Otra tecnología en expansión es el láser dental. Existen equipos con longitudes de onda y potencias diferentes, por lo que no todos sirven para las mismas intervenciones. Algunos se aplican sobre tejidos blandos para remodelar encías, tratar ciertas lesiones o facilitar procedimientos periodontales. Otros pueden utilizarse sobre tejidos duros en indicaciones concretas. Su precisión permite actuar sobre áreas delimitadas, aunque el resultado depende de la selección del equipo, de los parámetros utilizados y de la preparación del operador.
Dentro de este campo se encuentra la fotobiomodulación, que emplea luz de baja intensidad sin buscar cortar ni eliminar tejido. Se investiga y utiliza como complemento para modular molestias, inflamación y respuesta tisular después de determinados procedimientos. Las revisiones sobre su aplicación odontológica muestran posibilidades en diferentes especialidades, pero también señalan que la dosis, la longitud de onda y el tiempo de exposición condicionan los efectos obtenidos.

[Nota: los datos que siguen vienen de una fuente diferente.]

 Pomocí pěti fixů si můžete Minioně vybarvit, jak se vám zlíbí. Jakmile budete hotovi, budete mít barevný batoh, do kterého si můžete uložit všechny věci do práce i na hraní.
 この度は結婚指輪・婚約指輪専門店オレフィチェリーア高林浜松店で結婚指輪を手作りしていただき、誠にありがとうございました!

La endodoncia también se ha beneficiado de importantes avances. Los microscopios clínicos amplían considerablemente el campo de visión y ayudan a localizar conductos difíciles, observar fisuras o retirar materiales alojados en el interior del diente. A esta mejora visual se añaden instrumentos mecanizados más flexibles, localizadores electrónicos y sistemas de irrigación activada. La combinación permite abordar anatomías complejas con mayor conocimiento de lo que sucede dentro de las raíces.

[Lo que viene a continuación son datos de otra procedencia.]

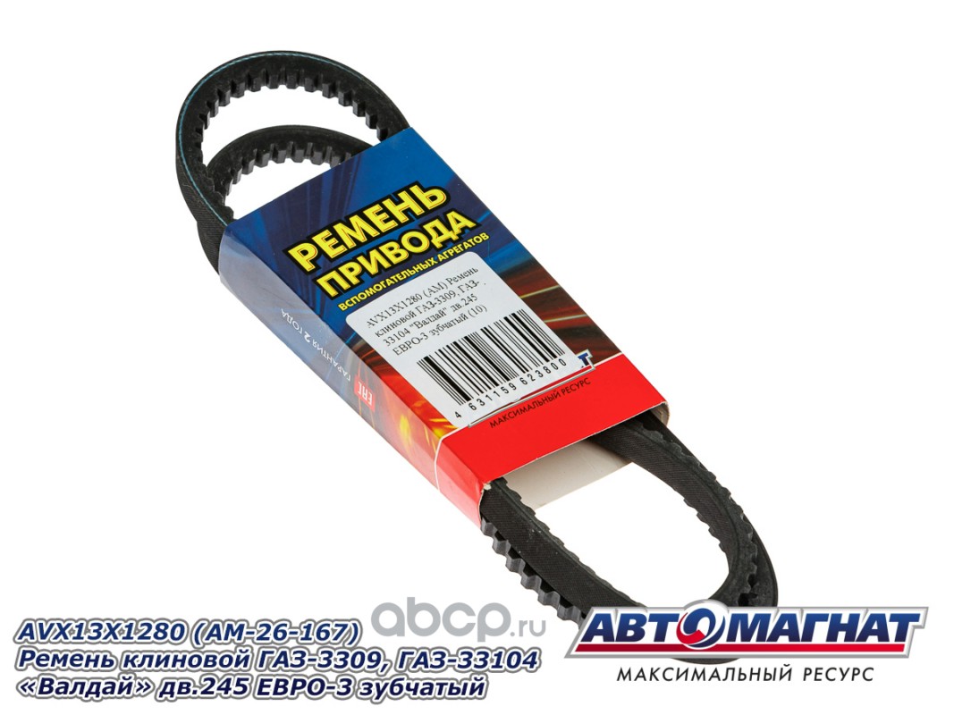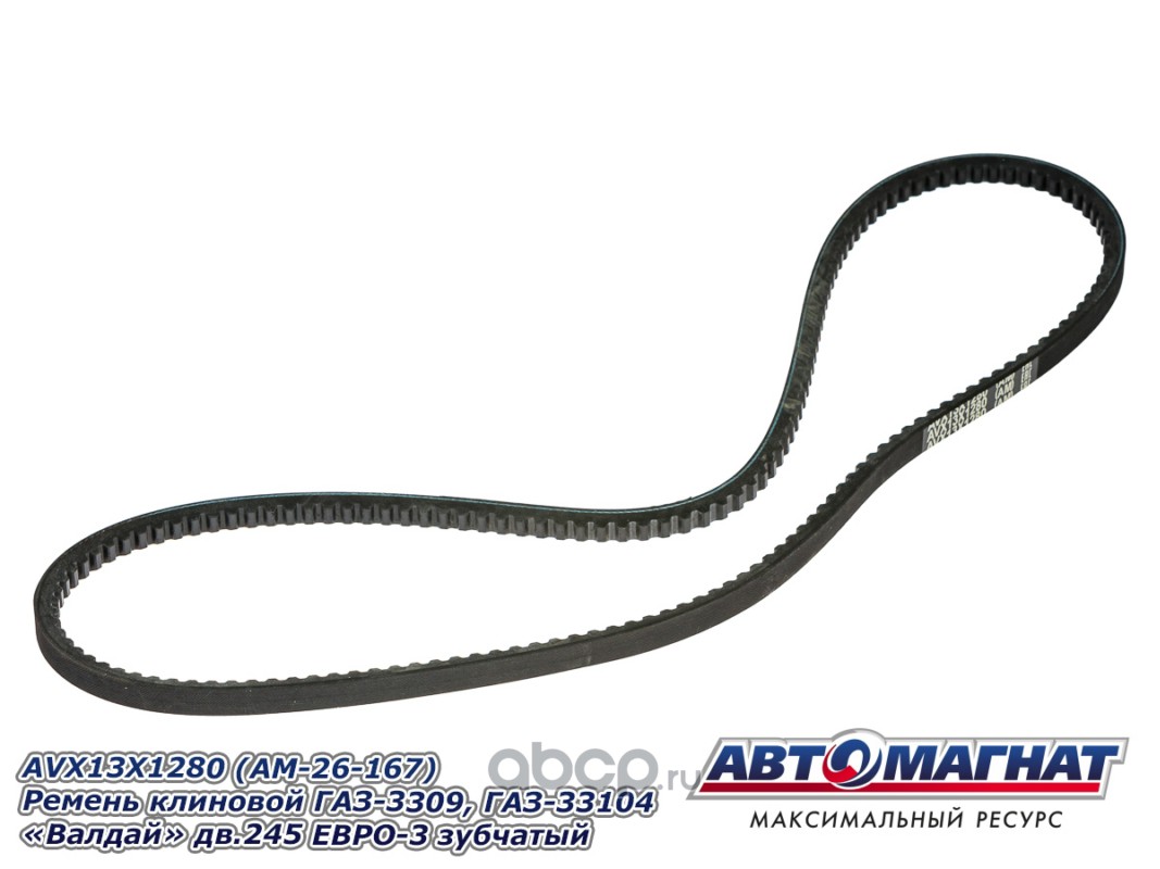 АВТОМАГНАТ AM26167 Ремень клиновой ГАЗ-3309, ГАЗ-33104 "Валдай" дв.245 ЕВРО-3 зубчатый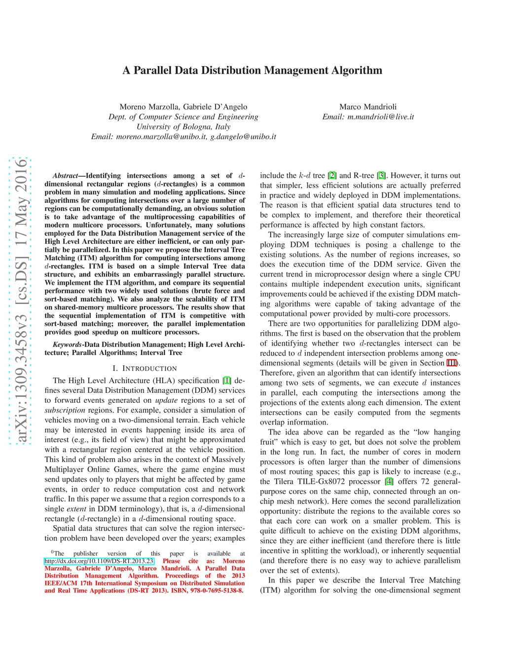 Identifying intersections among a set of d-dimensional rectangular regions (d-rectangles) is a common problem in many simulation and modeling applications. Since algorithms for computing intersections over a large number of regions can be computationally demanding, an obvious solution is to take advantage of the multiprocessing capabilities of modern multicore processors. Unfortunately, many solutions employed for the Data Distribution Management service of the High Level Architecture are either inefficient, or can only partially be parallelized. In this paper we propose the Interval Tree Matching (ITM) algorithm for computing intersections among d-rectangles. ITM is based on a simple Interval Tree data structure, and exhibits an embarrassingly parallel structure. We implement the ITM algorithm, and compare its sequential performance with two widely used solutions (brute force and sort-based matching). We also analyze the scalability of ITM on shared-memory multicore processors. The results show that the sequential implementation of ITM is competitive with sort-based matching; moreover, the parallel implementation provides good speedup on multicore processors.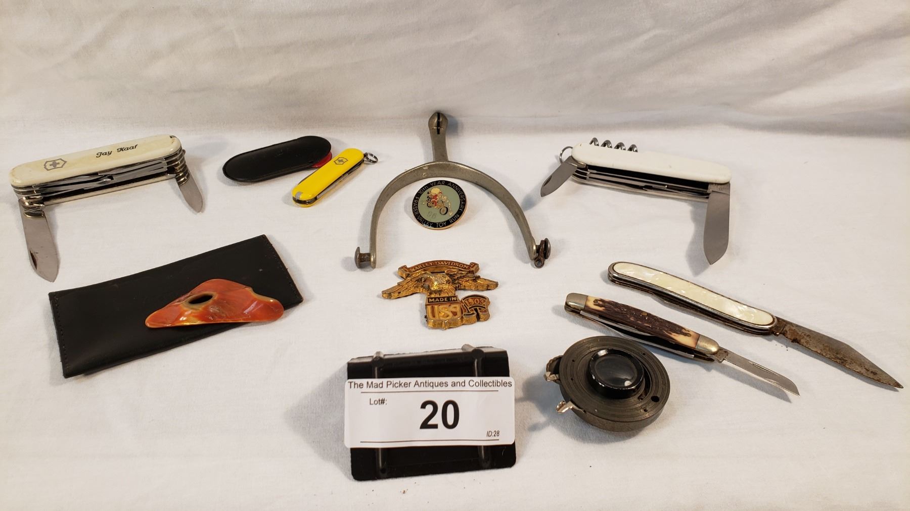 Mix Of Pocket Knives, Harley Davidson Medal, Etc..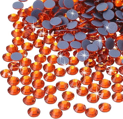 QUARKZMAN 1440 Pcs Strass À Fixation Thermique Strass À Dos Plat Cristal Verre Pour Artisanat Vêtements DIY Décoration(SS12 3.2mm,Orange)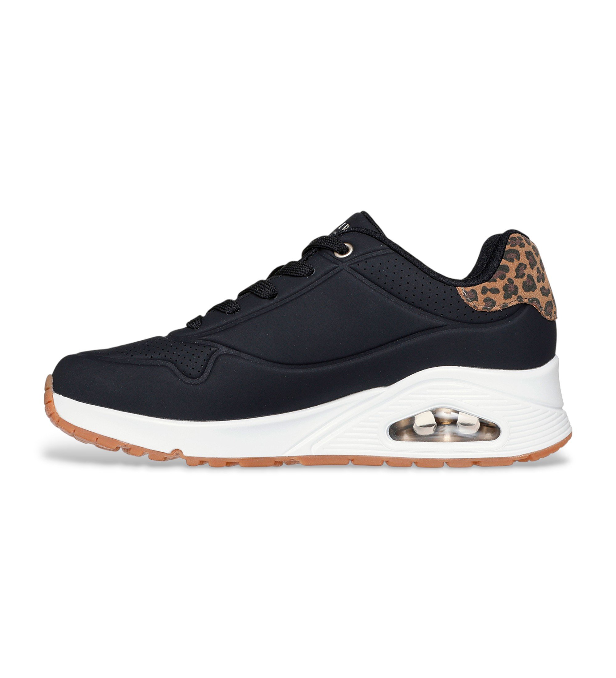 • Synthetic upper with laces and leopard print heel counter

En ortodoncia, la planificación virtual permite simular el movimiento progresivo de los dientes antes de fabricar una serie de alineadores transparentes. El paciente puede conocer la evolución prevista, aunque la representación digital no debe interpretarse como una promesa exacta. La respuesta biológica, el uso correcto de los aparatos y las revisiones condicionan el resultado. Durante el tratamiento, nuevos escaneados permiten comparar la situación real con la planificada y decidir si es necesario introducir correcciones.
Los avances también alcanzan a la detección de lesiones de la mucosa. Cámaras de alta definición, sistemas de fluorescencia y programas de análisis pueden ayudar a documentar cambios y seleccionar zonas que necesitan un examen más detallado. Estas herramientas no reemplazan la biopsia cuando está indicada, pero facilitan el seguimiento de manchas, úlceras o alteraciones cuya evolución debe controlarse.